Palestinian Americans’ Lawsuit in Oakland Seeks to Halt U.S. Support for Israel

Palestinian American plaintiffs asked a federal judge in California on Friday to force the White House to withdraw U.S. support for Israel pending a cease-fire in Gaza and accused President Biden and other administration officials of abetting a genocide of the Palestinian people.

In more than two hours of testimony before Judge Jeffrey White in U.S. District Court in Oakland, plaintiffs in the unusual lawsuit expressed grief and outrage, choking back tears as they spoke of their loved ones who have been killed in Gaza.

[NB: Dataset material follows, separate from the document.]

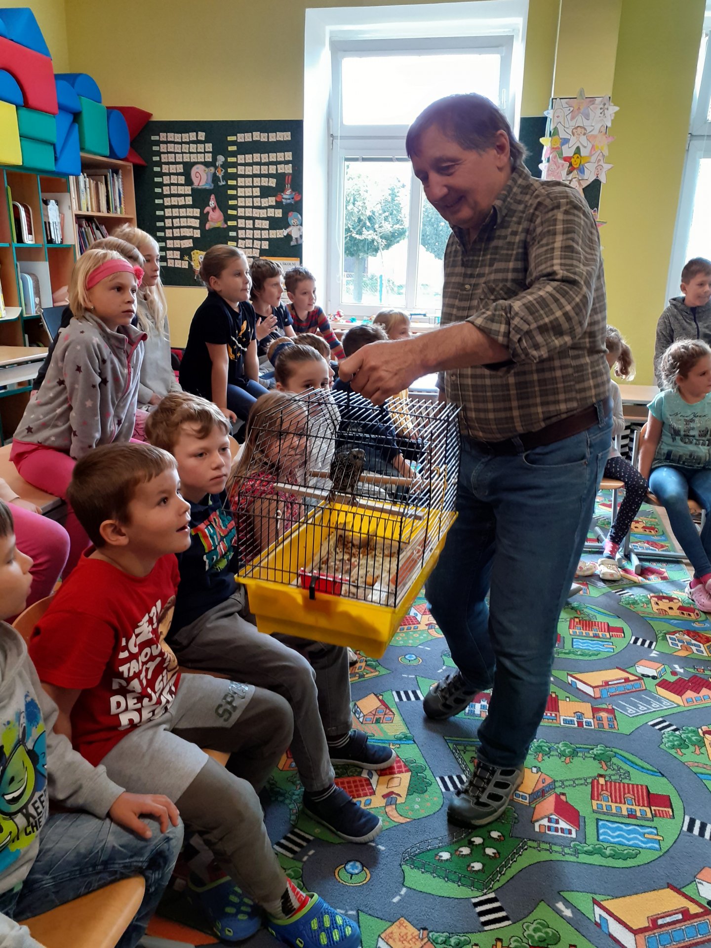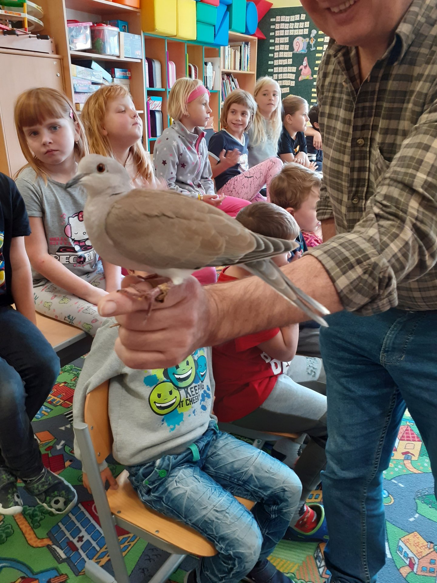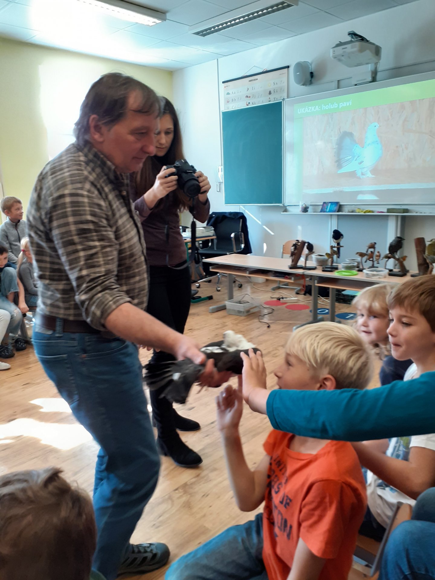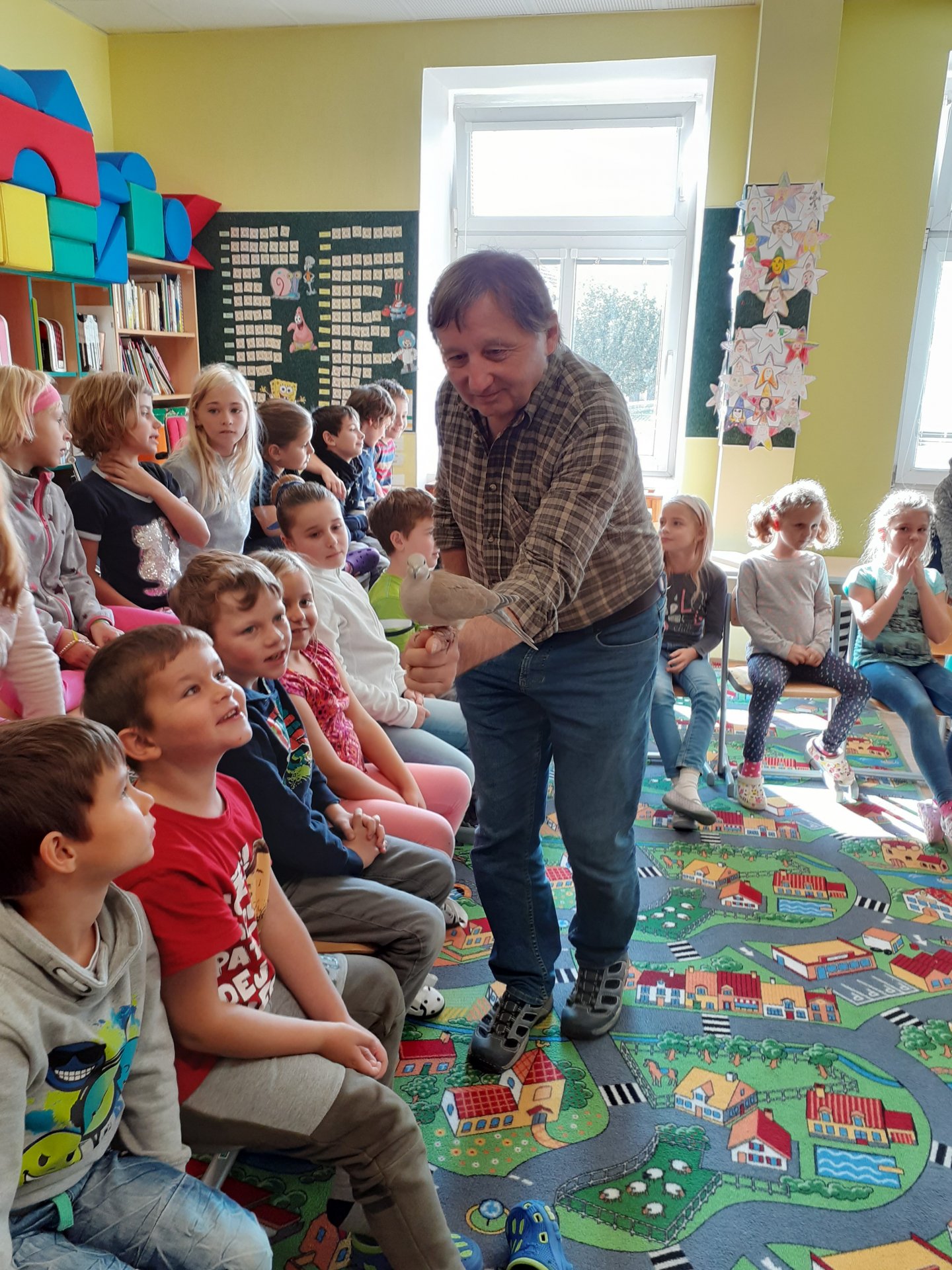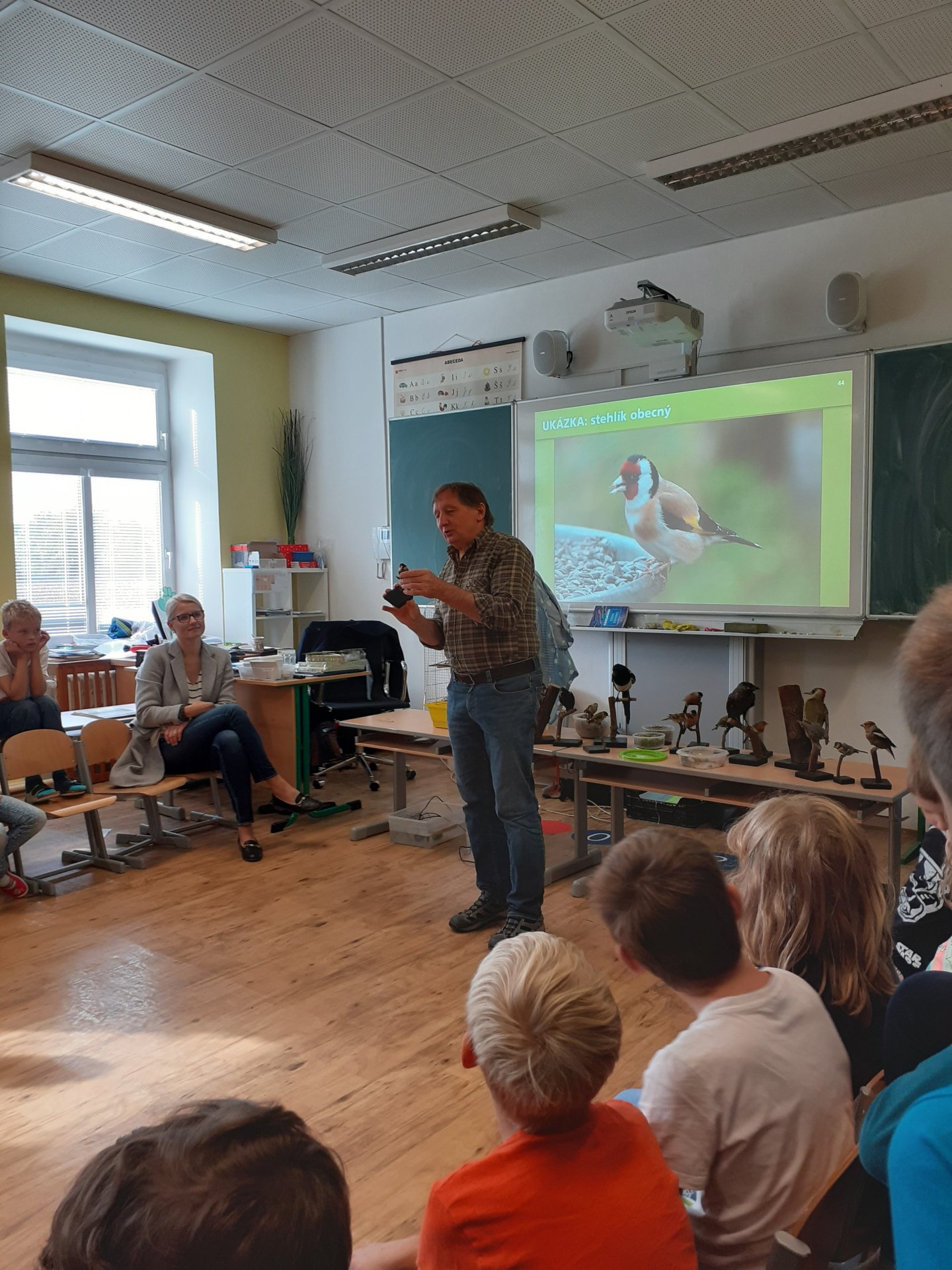 Ve čtvrtek 3. 10. k nám po roce opět zavítal pan Viktor z Ornity s naučným program Divoká školní zahrada. Děti poučil o péči o stálé ptáky, obyvatele našich zahrad, jejich potřebách na podzim a v zimě (výroba pítek, krmítek, vhodné krmivo). Program doplnil promítáním krátkých ukázek a názornou ukázkou exemplářů, ať už těch vycpaných či živých.

One Palestinian immigrant, who lives in Fairfield, Calif., said seven members of his family had been killed in airstrikes in Gaza, including the children of a cousin “who is like a brother to me.” Another, living in San Ramon, Calif., said his family had lost more than 100 members, and a single Israeli attack had killed his cousin, his cousin’s son, and 14 members of a neighbor’s family.

The testimony came in the second judicial proceeding in a day to frame Israel’s bombardment of the embattled Palestinian enclave as a potentially grave violation of the 1948 Genocide Convention. Hours earlier, the United Nations’ highest judicial body ordered Israel to prevent genocidal acts by its forces, as part of that court’s consideration of formal charges that Israel’s response to Hamas-led terrorist attacks on Oct. 7 was crafted to deny Palestinians the right to exist.

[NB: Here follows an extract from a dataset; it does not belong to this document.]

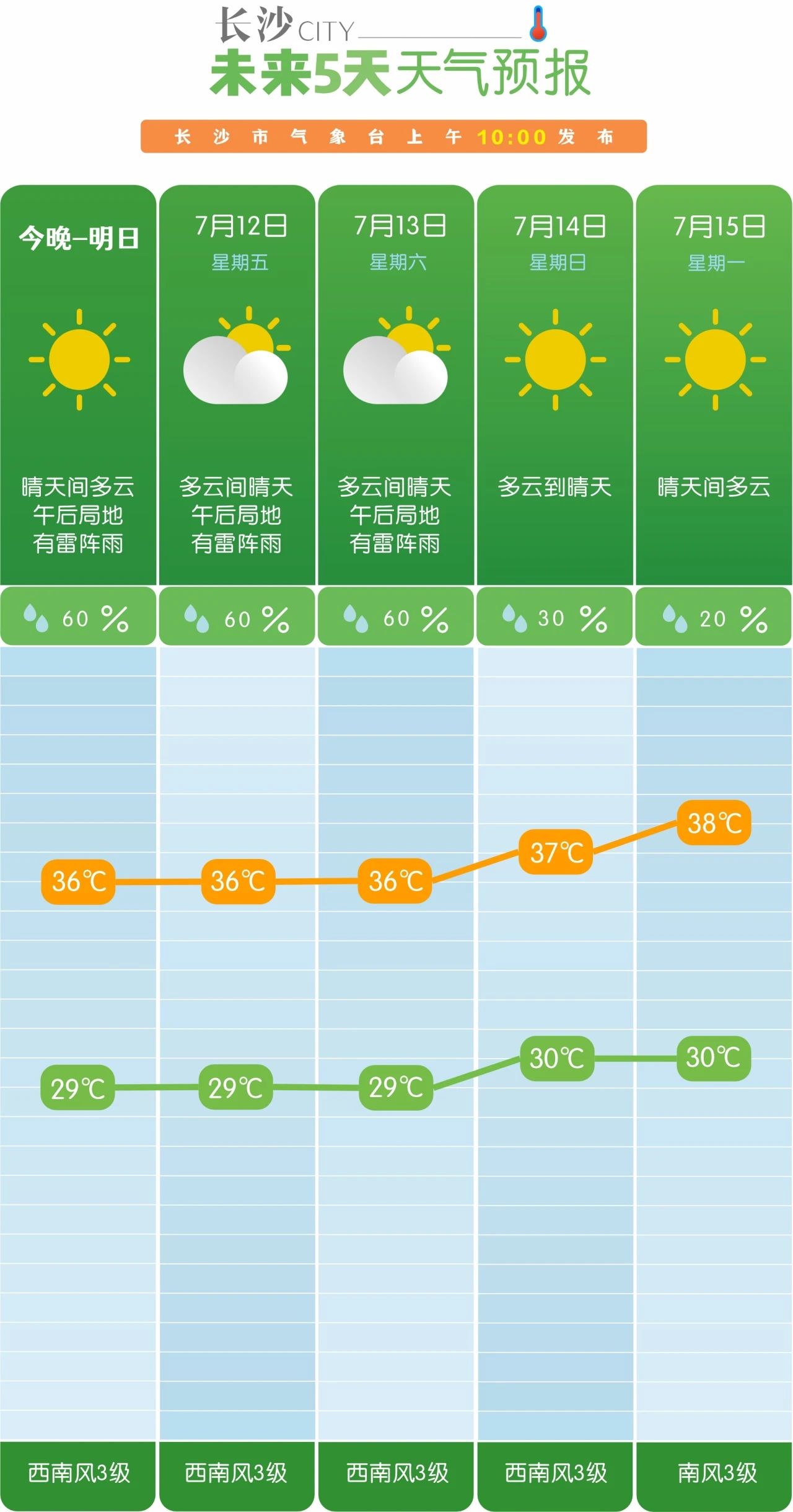 据长沙气象部门预计,今晚到明天,晴天间多云、午后局地有雷阵雨,气温29-36℃。11到13日,云系增多,午后局地有雷阵雨;14到17日,副高控制,晴天为主,最高气温达38℃左右。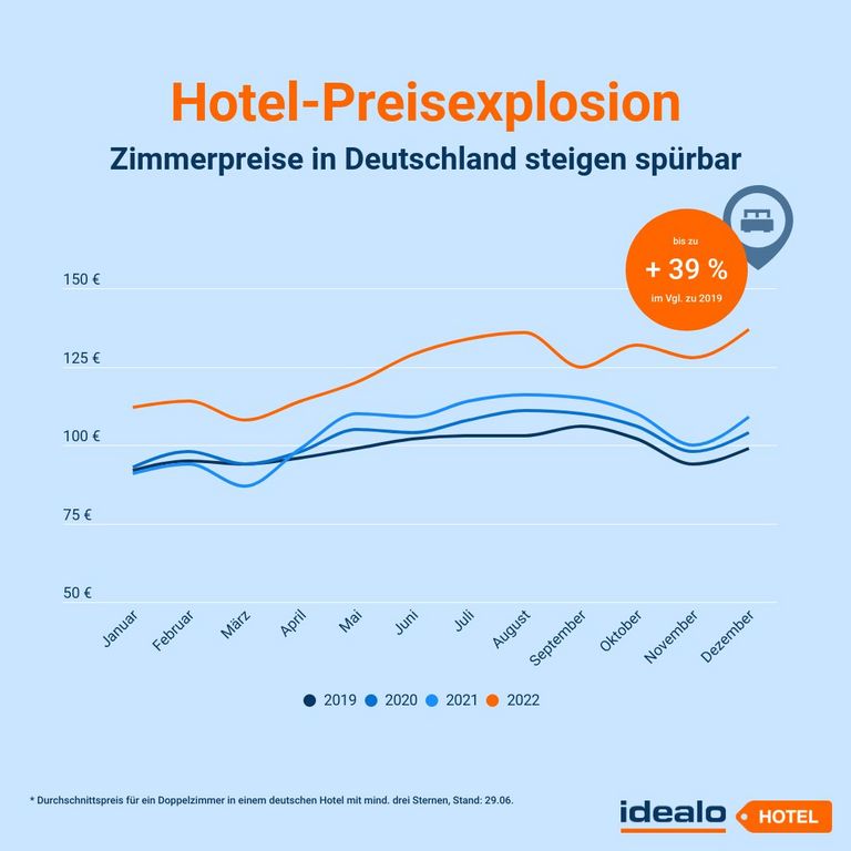 Durchschnittlich liegt die Preissteigerung dieses Jahr im Vergleich zu 2019 bei 26 Prozent. Im Vergleich zu 2021 sind die Preise durchschnittlich 19 Prozent gestiegen; auch der Vergleich mit dem Jahr 2020 zeigt mit 21 Prozent einen spürbaren Anstieg. Laut Sandra Dotan vom Flug- und Hotelpreisvergleich bei idealo zeige die Auswertung, "dass die Hotelpreise im Schnitt in Deutschland dieses Jahr schon seit Januar deutlich angestiegen sind, über 20 Prozent sind es in der Regel."

The federal case in Northern California is unlikely to succeed, given legal precedents that limit judicial power over U.S. presidents on foreign policy decisions. But the lawsuit has energized pro-Palestinian activists, who have convinced about a dozen local governments in the Bay Area, Atlanta and other regions of the country to call for a cease-fire in Gaza.

Telling the plaintiffs that he wanted them to know that they “have been seen,” the judge called the testimony “gut wrenching” and the case “probably the most difficult” he had ever dealt with.